Pada suatu diskusi tentang pajak, muncul pertanyaan mengenai dasar keabsahan pajak dalam Islam. Beberapa orang membandingkan pajak dengan pungutan liar yang diharamkan dalam Islam. Mereka mengutip sebuah hadits yang diriwayatkan oleh Ibn Mâjah dan Imam Al-Thabarânî. Setelah dilakukan penelitian, hadits tersebut juga terdapat dalam kitab al-Talkhîsh al-Habîr karya Ahmad ibn Ali Muhammad al-Kanâniy al-Asyqalânî.
Hadits tersebut berbunyi: “Tidak ada hak dalam harta selain zakat.” Namun, ada perdebatan mengenai keabsahan hadits ini karena perawi yang diriwayatkan dinilai tidak terpercaya sehingga status hadits menjadi lemah. Namun, terdapat riwayat hadits lain dari Ibn Mâjah yang maknanya hampir sama, namun dengan perbedaan lafazh.
Hadits lain tersebut menyatakan: “Tiada hak dalam harta yang tersimpan selain dari zakat.” Hadits ini menjadi saksi bagi hadits pertama sehingga derajat keabsahan hadits pertama meningkat menjadi kuat. Kemudian, Imam Al-Tirmidzî meriwayatkan hadits lain yang berlawanan maknanya, yaitu: “Sesungguhnya dalam setiap harta terdapat hak selain zakat.”
Setelah diselidiki, hadits terakhir ini memiliki banyak perawi yang menegaskan kekuatan keabsahannya. Dengan demikian, terdapat dua hadits yang keabsahannya sama, namun terlihat bertentangan dari sisi makna.

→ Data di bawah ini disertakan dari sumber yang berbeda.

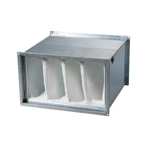 Корпус изготовлен из оцинкованной стали. Откидная крышка фильтра оборудована рычажными замками для быстрого доступа к сменному фильтрующему элементу. Фильтрующий элемент карманного типа изготовлен из нетканого полотна из синтетических волокон и изготавливаются из материалов с классом очистки G4, F5, F7 (класс фильтрации данного товара G4).
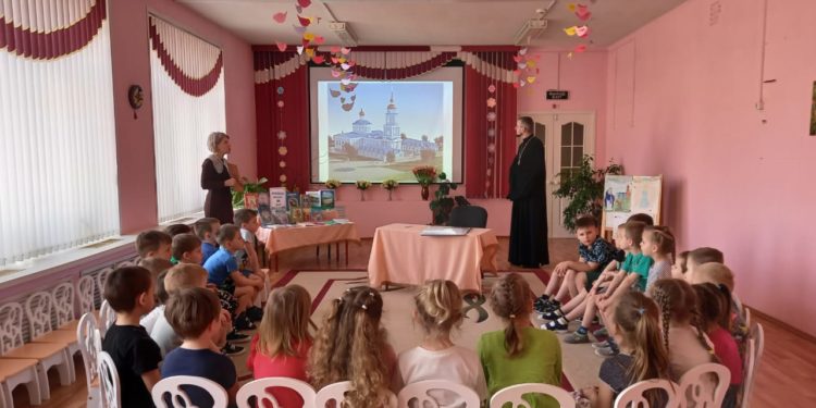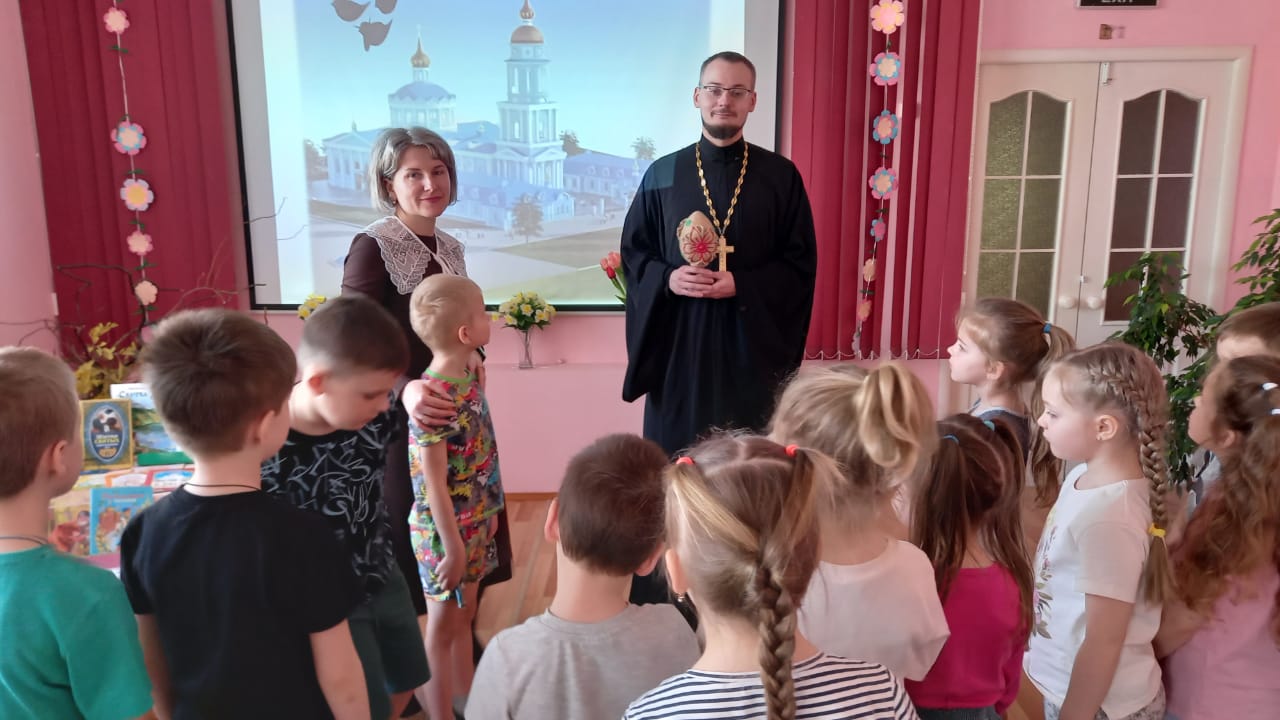 9 апреля 2024 года в рамках муниципальной Декады по основам православной культуры в Муниципальном казённом дошкольном образовательном учреждении Детский сад №12 «Алёнушка» состоялась встреча с клириком Казанского собора города Людиново иереем Алексием Сначевым. Отец Алексий познакомил дошкольников с храмами города Людиново, рассказал о своём детстве, учебе, о пастырском служении. Мероприятие прошло в дружелюбной атмосфере, детям интересно было слушать священника, его рассказы из своей жизни.

Metode untuk memahami kedua hadits tersebut adalah dengan berusaha mengompromikan keduanya atau memeriksa sanad masing-masing perawi.
Setelah melalui penelitian, ditemukan bahwa hadits yang menyatakan adanya hak lain di dalam harta selain zakat lebih dipilih karena memiliki banyak perawi dan lafazh hadits yang serupa di antara perawi-perawi tersebut. Kesimpulannya, berdasarkan takhrij hadits, terdapat hak lain di dalam harta selain dari zakat.
Namun, hal ini belum menjawab pertanyaan tentang keabsahan pemerintah dalam memungut pajak kepada masyarakatnya. Untuk memahami lebih lanjut mengenai perpajakan dalam Islam, diperlukan penelitian lebih lanjut mengenai perbedaan antara pajak dan pungutan liar.